Matching exactly 2 characters in string - SQL

How can i query a column with Names of people to get only the names those contain exactly 2 “a” ?
I am familiar with % symbol that's used with LIKE but that finds all names even with 1 a , when i write %a , but i need to find only those have exactly 2 characters.
Please explain - Thanks in advance
Table Name: "People"
Column Names: "Names, Age, Gender"
Assuming you're asking for two a characters search for a string with two a's but not with three.
select *
from people
where names like '%a%a%'
and name not like '%a%a%a%'
Use '_a'. '_' is a single character wildcard where '%' matches 0 or more characters.
If you need more advanced matches, use regular expressions, using REGEXP_LIKE. See Using Regular Expressions With Oracle Database.
And of course you can use other tricks as well. For instance, you can compare the length of the string with the length of the same string but with 'a's removed from it. If the difference is 2 then the string contained two 'a's.

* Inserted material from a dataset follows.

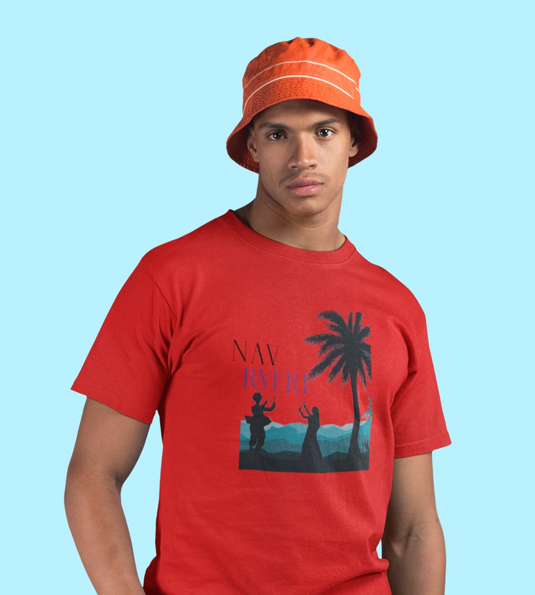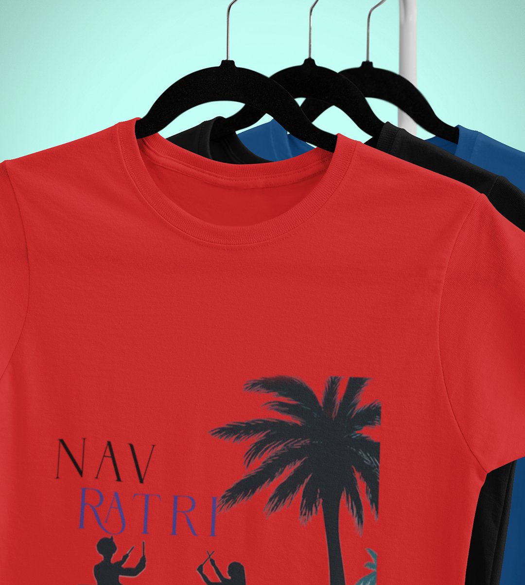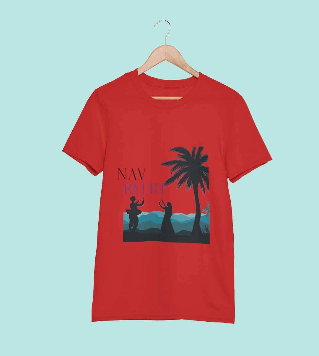 Navratri is a very auspicious festival for hindus. It takes place at the beginning of October and sometimes September. Enjoy the 9 days of festivities with full zeal and make yourself submerged in the love of Maa Durga. Navratri is also known as Durga Puja. And with this Tees, you can shine like a star during this festive season with our navratri themed cotton half sleeved Tshirts. You can pair our t-shirts with trousers and denim of your choice and make it a weekday smart casual or weekend wear. This is durable. This tshirt is smooth and soft which makes you comfortable to wear during all seasons. The printing in it is durable and odourless. It has five sizes, S,M,L,XL,XXL. The Tshirt colour is intact even after repeated washes. It can be kept in your wardrobe and hangers. Please avoid washing mashine to clean this Tee, it may affect the print. Hand wash only. We have brought you many navratri related designs printed on our different colour Tshirts to choose from. Grab it now.

But as you can see things get ugly real soon, since length returns 'null' when a string is empty, so you have to make an exception for that, if you want to check for names that are exactly 'aa'.
select * from People
where
length(Names) - 2 = nvl(length(replace(Names, 'a', '')), 0)
Another solution is to replace everything that is not an a with nothing and check if the resulting String is exactly two characters long:
select names
from people
where length(regexp_replace(names, '[^a]', '')) = 2;
This can also be extended to deal with uppercase As:
select names
from people
where length(regexp_replace(names, '[^aA]', '')) = 2;
SQLFiddle example: http://sqlfiddle.com/#!4/09bc6
select * from People where names like '__'; also ll work